Detrazioni IRPEF sul canone di locazione nel modello 730/2026: chi può richiederle, quali sono gli importi aggiornati e quando non serve spostare la residenza anagrafica.
- Nel 730/2026 è possibile detrarre le spese di affitto, ma solo in presenza di specifici requisiti legati al contratto, al reddito e all’uso dell’immobile.
- In alcuni casi – come per gli studenti universitari fuori sede – la detrazione spetta anche senza trasferire la residenza anagrafica.
- La Legge di Bilancio 2025 ha introdotto un tetto massimo alle detrazioni per i redditi oltre i 75.000 euro, tramite il meccanismo del quoziente familiare.
Le detrazioni per le spese di affitto sono una delle agevolazioni fiscali più richieste in Italia, eppure molti contribuenti non le richiedono per mancanza di informazioni chiare. Chi vive in affitto può recuperare una parte dell’IRPEF lorda direttamente in dichiarazione dei redditi, con importi che variano da 150 a 2.000 euro a seconda della propria situazione. Ma è davvero necessario cambiare la residenza per ottenerle? La risposta non è sempre scontata, e dipende dalla categoria a cui appartieni.

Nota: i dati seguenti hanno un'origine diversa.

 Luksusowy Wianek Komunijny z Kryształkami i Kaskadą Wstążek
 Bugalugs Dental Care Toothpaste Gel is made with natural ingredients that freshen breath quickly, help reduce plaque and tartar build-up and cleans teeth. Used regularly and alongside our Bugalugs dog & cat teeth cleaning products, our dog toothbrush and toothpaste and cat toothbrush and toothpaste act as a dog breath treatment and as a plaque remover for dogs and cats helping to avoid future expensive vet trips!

Detrazioni per le spese d’affitto senza cambio residenza
Le detrazioni per il canone di locazione sono disciplinate dall’art. 16 del TUIR (Testo Unico delle Imposte sui Redditi) e spettano agli inquilini che detengono un contratto di locazione registrato su un immobile adibito ad abitazione principale. Riducono direttamente l’IRPEF lorda – non il reddito imponibile – e si inseriscono nel Quadro E, rigo E71 del modello 730/2026.

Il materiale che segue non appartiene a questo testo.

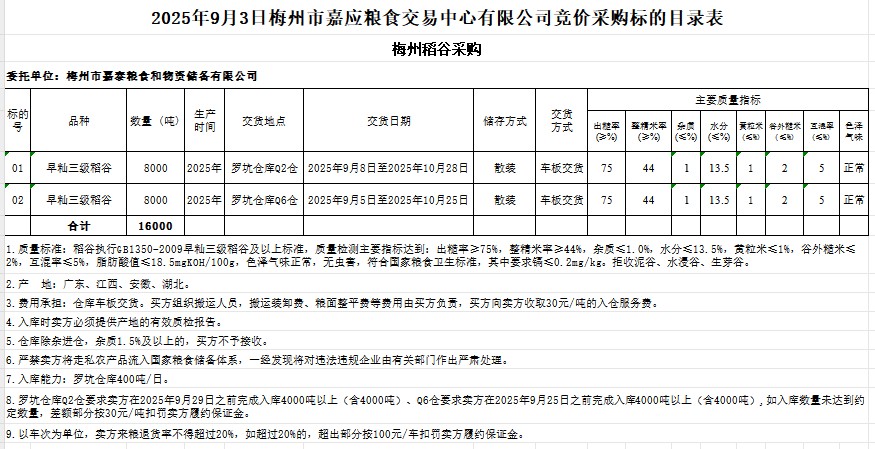 受客戶委托,梅州市嘉應糧食交易中心有限公司定于2025年9月3日(星期三)舉辦糧食競價交易會。梅州市嘉泰糧食和物資儲備有限公司擬采購2025年產早秈稻谷16000噸。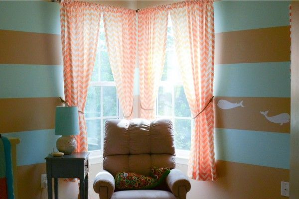 ستائر للنوافذ في غرفة الزاوية ، خيارات التصميم ، أمثلة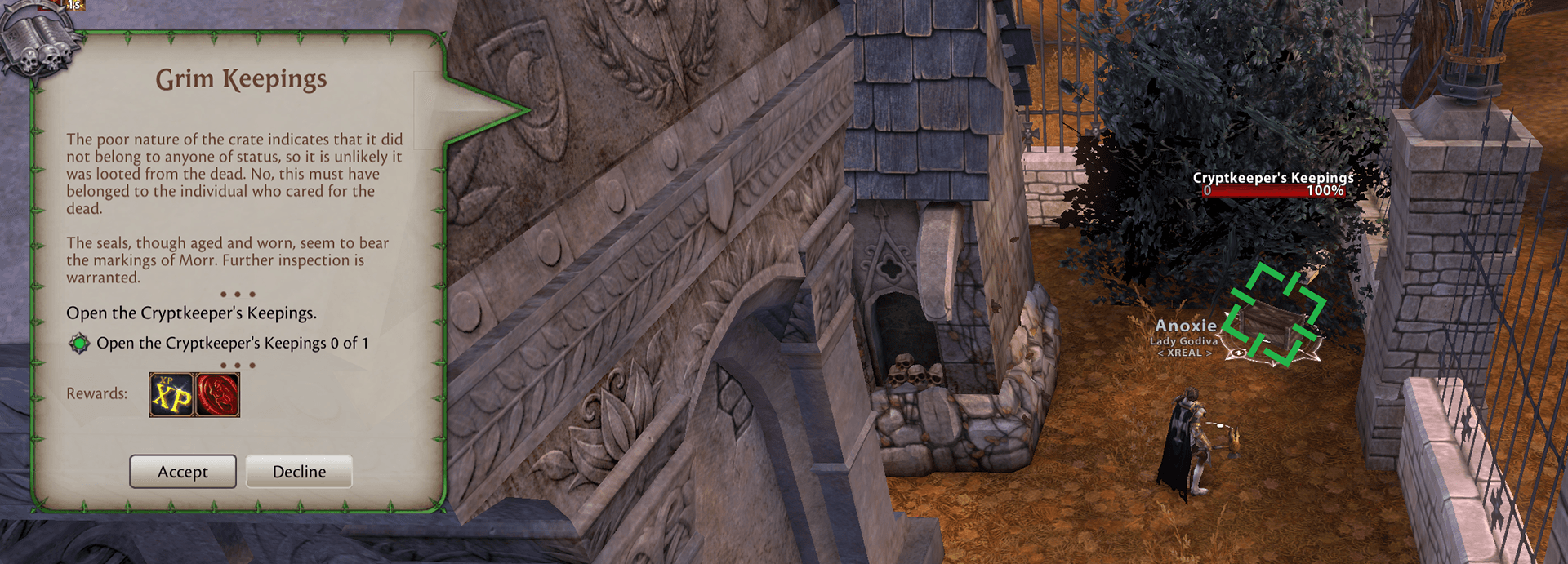 Fly to Reikland and run West back into Talabecland, then head to Dortwald, there is a grave yard there, go in and go to the left between the two crypt buldings to find a chest in the bush called Cryptkeeper's Keeings. Click it twice to get the item.

Le principali tipologie previste sono:
- detrazione per affitto di abitazione principale con contratto a canone libero (4+4);
- detrazione per contratto a canone concordato (3+2, ai sensi della Legge 431/1998);
- detrazione per giovani tra i 20 e i 31 anni non compiuti;
- detrazione per lavoratori dipendenti trasferiti per motivi di lavoro.
Sono esclusi dal beneficio i contribuenti in regime forfettario, poiché i loro redditi non sono soggetti a IRPEF ordinaria.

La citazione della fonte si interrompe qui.